### Required action
Give the data again in full, without pictures.

### Data below
· · ·
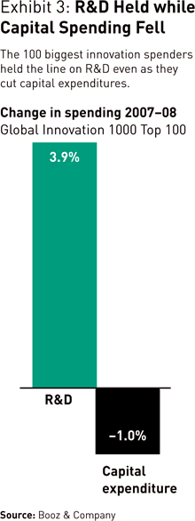 Not all companies, of course, maintained or boosted R&D spending. More than a quarter of the Global Innovation 1000 cut their innovation budgets in 2008. And many companies were cautious: The top 20 innovation spenders increased research and development by only 3.2 percent, compared with 10.7 percent for these companies in the previous year. Furthermore, the early evidence indicates that as companies entered 2009, spending on innovation slowed further. Again, however, that slowdown came in the face of even steeper declines in sales and income: Among the 522 companies reporting results for the first quarter of 2009, R&D spending decreased by 7.4 percent — which is still less than half the rate of their 18.5 percent decline in sales. Also noteworthy is that as the biggest R&D spenders have evaluated their investment strategies in the downturn, they have continued to invest in R&D at a higher rate than they have in capital expenditures. (See Exhibit 3.)
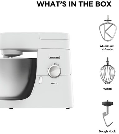 Köksmaskin Kenwood Chef XL KVL4100W har en 1200W motor och en stor 6,7-liters skål i rostfritt stål, lämplig för vardaglig matlagning och bakning för hela familjen. Den inkluderar K-vispar, ballongvisp, degkrok och stänkskydd, använder planetarisk blandning för jämna resultat och kan utökas med över 25 tillvalstillbehör.
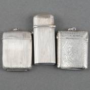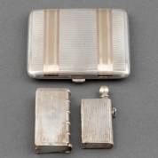 Twee 2e gehalte zilveren tondeldoosjes, waarvan één in boekvorm, daarbij: 1e gehalte zilveren (935/1000) sigarettenkoker met deels verguld lijnendecor, gewicht zilver 160 gram, koker 9 × 8 cm
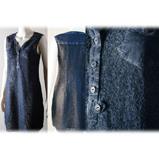This is a crochet dress that is pigment dyed. It comes with a dainty and elegant design in dark blue. This dress is made with excellent workmanship and attention to detail.
· · ·
### Result of the task
 Not all companies, of course, maintained or boosted R&D spending. More than a quarter of the Global Innovation 1000 cut their innovation budgets in 2008. And many companies were cautious: The top 20 innovation spenders increased research and development by only 3.2 percent, compared with 10.7 percent for these companies in the previous year. Furthermore, the early evidence indicates that as companies entered 2009, spending on innovation slowed further. Again, however, that slowdown came in the face of even steeper declines in sales and income: Among the 522 companies reporting results for the first quarter of 2009, R&D spending decreased by 7.4 percent — which is still less than half the rate of their 18.5 percent decline in sales. Also noteworthy is that as the biggest R&D spenders have evaluated their investment strategies in the downturn, they have continued to invest in R&D at a higher rate than they have in capital expenditures. (See Exhibit 3.)
 Köksmaskin Kenwood Chef XL KVL4100W har en 1200W motor och en stor 6,7-liters skål i rostfritt stål, lämplig för vardaglig matlagning och bakning för hela familjen. Den inkluderar K-vispar, ballongvisp, degkrok och stänkskydd, använder planetarisk blandning för jämna resultat och kan utökas med över 25 tillvalstillbehör.
 Twee 2e gehalte zilveren tondeldoosjes, waarvan één in boekvorm, daarbij: 1e gehalte zilveren (935/1000) sigarettenkoker met deels verguld lijnendecor, gewicht zilver 160 gram, koker 9 × 8 cm
This is a crochet dress that is pigment dyed. It comes with a dainty and elegant design in dark blue. This dress is made with excellent workmanship and attention to detail.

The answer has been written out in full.